Leaving the peace and tranquility of the Grove, we traveled on to the Sunrise Visitor Center up a 10 mile exhilarating, curvy road with hair-pin turns and lots of wiggles.  And it was my day to drive!  YEE-HAW!  We reached the center’s parking lot and planned to do another lengthy hike to end our day, but we hadn’t taken into consideration the 6400 ft elevation.  After huffing and puffing on a short little walk, we realized we needed to back off, sit a while, and enjoy the view.  Mount Rainier again put on a show with the sun beginning to sink behind it.  True, it would have been wiser to start our day at Sunrise and watch Rainier light up with the morning sun, but maybe next time.

The setting sun at Sunrise

We stopped in Enumclaw, a delightful little city with a quaint downtown with several eateries.  We enjoyed a delicious meal at the Historic Mint Restaurant & Alehouse before heading back to the camper at JBLM.

Mount Rainier National Park truly is the gem of the Pacific Northwest.  With its proximity to such a major metropolitan area, it is a mecca for those pursuing some outdoor activity.  Miles upon miles of hiking trails, ranger-led programs, camping, and mountain climbing, as well as, winter time activities such as skiing, sledding, and snowshoeing provide the basis for much memory making.

Rainier boasts 3 established campgrounds within the park.  They are all primitive sites (no hookups).  They do have water and 2 have dump stations and are best suited for tent campers or for small size RV’s or trailers.

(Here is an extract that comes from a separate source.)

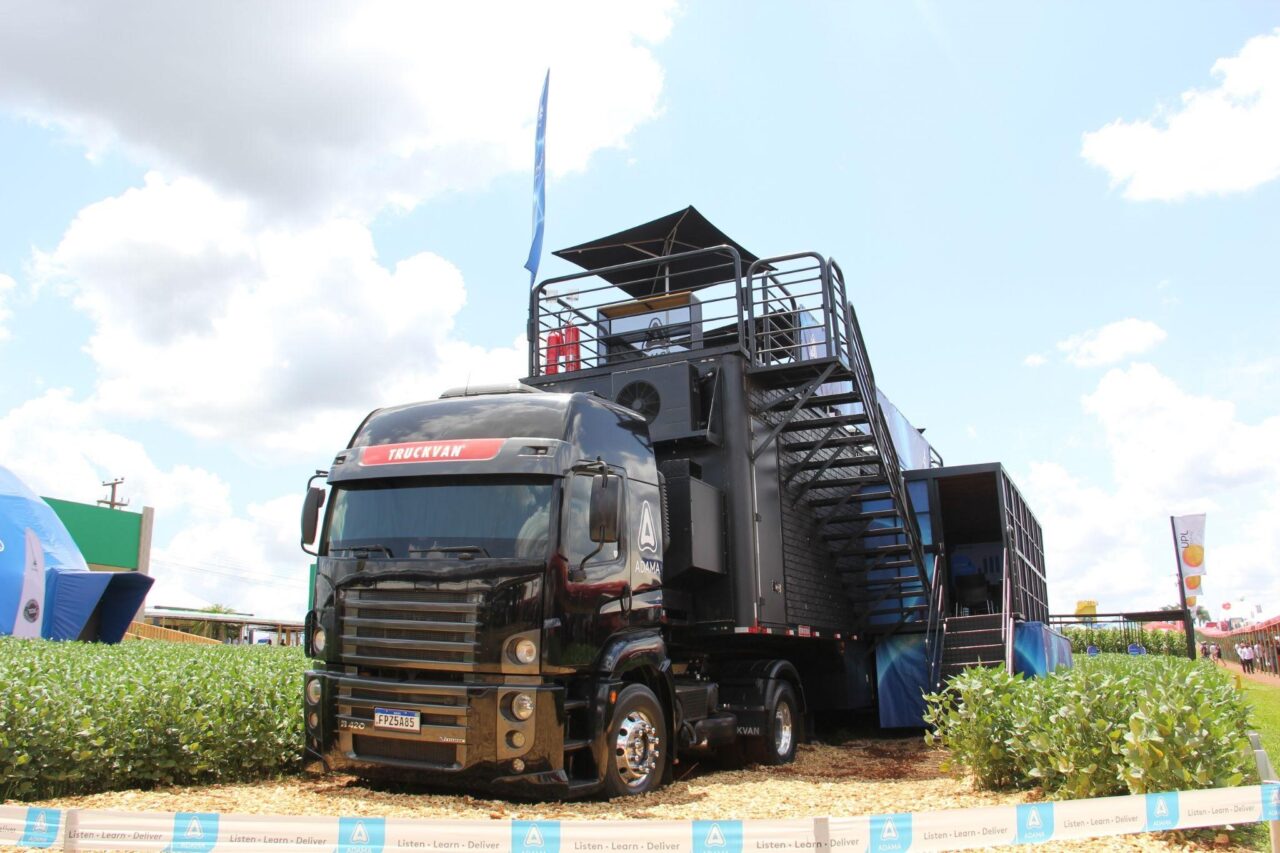 Para cativar a atenção dos visitantes, os expositores do Show Rural 2022 investiram em diferentes intervenções nos estandes e uma delas é um estande em formato de ônibus. A invenção, parte do espaço montado pela Adama na mostra de tecnologia, oferece um mezanino com visão panorâmica para todo o parque.

Of course, the big attraction and the ultimate aim of most folks who look at Rainier on a daily basis is to reach the summit.  It is a lofty and challenging goal.  Over 10,000 people attempt it each year with only about 4,000 actually making it to the top.  Three of our sons climbed it the summer before.  Talk about stressful for us as parents!  But it wasn’t until we were there in the shadow of Rainier that we kept asking ourselves, “What was wrong with those three knuckleheads???  Did they realize how high that was???  They’re lucky they weren’t killed!!!”  Another instance where ignorance is bliss!

boys on rainier
The Houk boys conquer Rainier

If you are in the Pacific Northwest, a trip to Rainier is well worth your time.  You don’t have to be an avid hiker to enjoy the splendor and majesty of this mountain and the surrounding landscape.  It is truly a feast for the eyes.